My thoughts on the book:
As other reviewers have stated, nothing about Undying Destiny was that unique, including the characters. I found myself bored more often than I should have been, considering all that was going on. Also, the multiple points of view didn't really work for me. Furthermore, the way the plot was handled left no sense of mystery to the story. And finally, while the writing was well-done, it wasn't exactly captivating. If you're looking for a pointless romance, then this book is for you. If you're looking for depth of plot, then I'd skip this one.
For the characters' pasts, they didn't really act believably, in my opinion. They opened up about what happened way too much, and they also were magically cured through love or some other bs. I didn't buy that, and while this novel does address some very important issues, such as the rape of men by women (which is for the most part ignored and needs to be talked about), how the characters handled things almost downplayed the importance of such issues. However, at least the author is trying to open a dialogue (at least I assume that's what she's doing instead of just including stuff for plot's sake), and that is commendable. The characters themselves were okay, but didn't stand out much. I liked Emily just fine, but she's not a memorable character. The same can be said for Kenric. While Marguerite is abhorrent, she's still not an extraordinary villain.
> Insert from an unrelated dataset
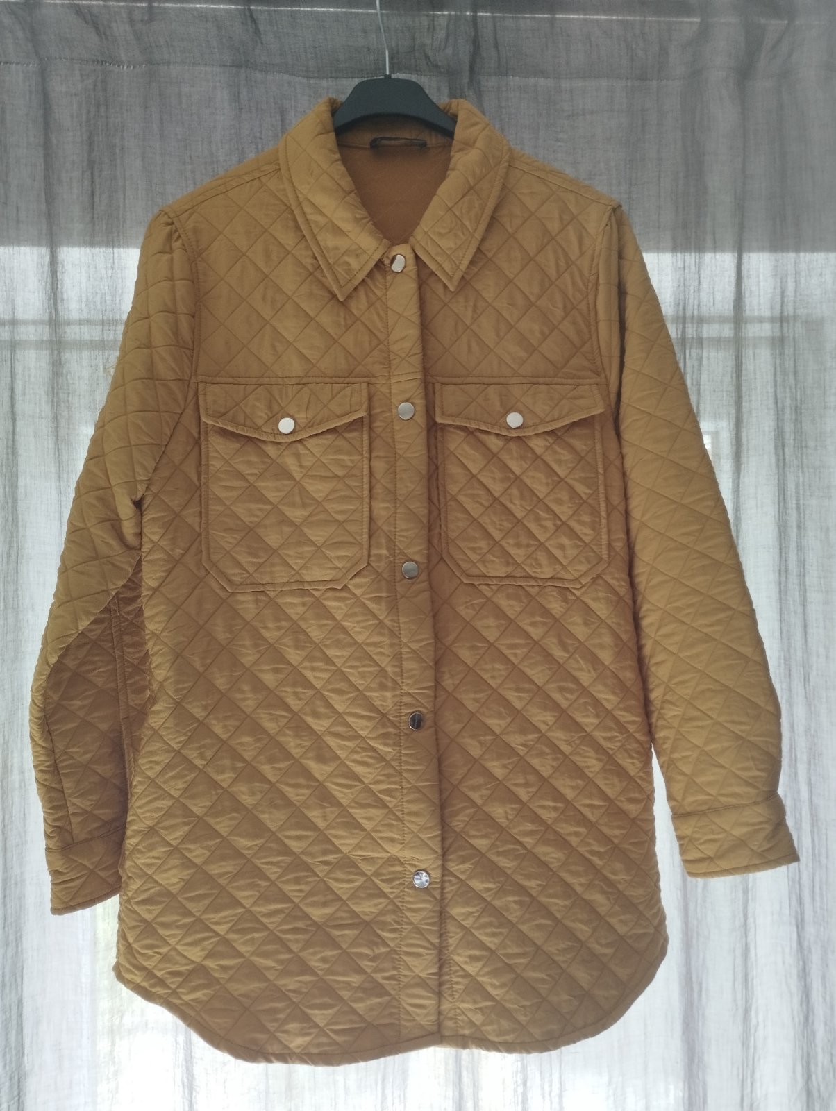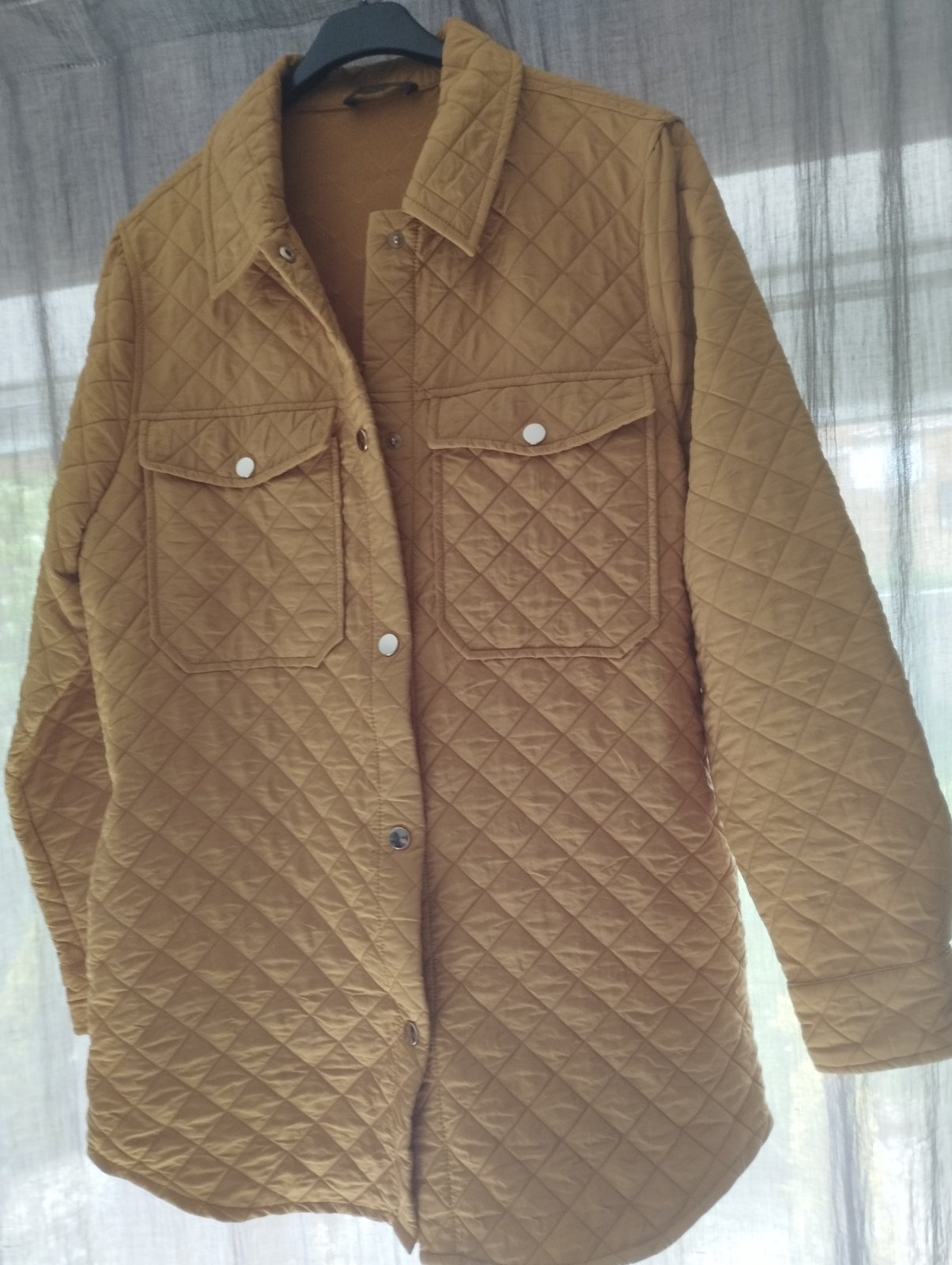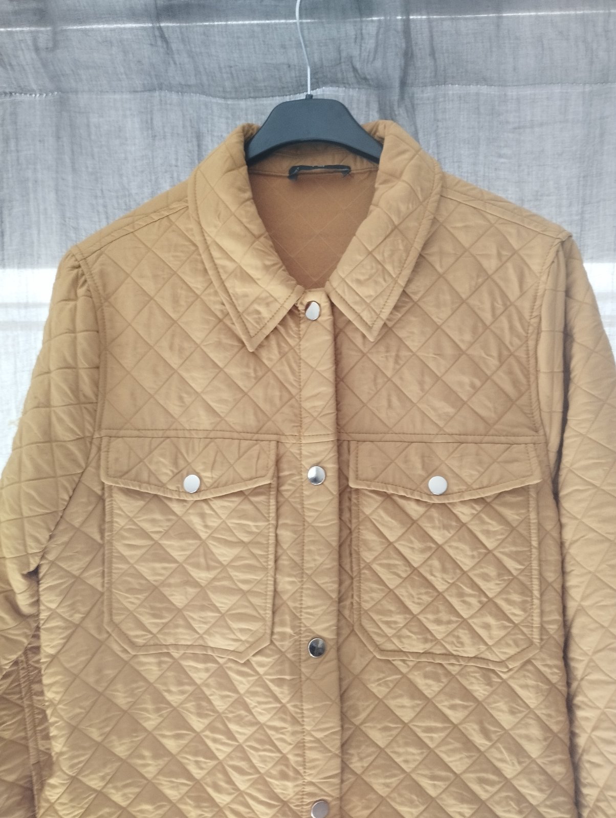predám dámsku prechodnú bundičku v dobrom nosenom stave, píšu veľkosť 40, značka Janina, 100% polyester, farba horčicová, zapínanie na zips, bez goliera, dve predné vrecká na zips, rukávy sa zapína...

As I previously mentioned, the multiple points of view didn't work, and this is because no character had a unique voice. They all spoke relatively the same, and there were no distinguishing dialogue choices to make the multiple POVs add anything to the story. The only thing that they did do is kill any sense of mystery that could have been present in the plot. Lee is a decent writer, but nothing was extremely captivating or entrancing. I didn't connect to the emotions of the characters, nor did I have an easy time picturing the surroundings even though the descriptions were top notch. Some writing is just hard to connect to, and that was the case in this novel. I'm not sure if it was because of the characters making no sense to me or if it was because it just didn't "click" for me.
Overall, I'd recommend this book to people who love romance, but don't really care about realistic character and relationship development or a solid plot. It's not a bad book, but it definitely is not my favorite either.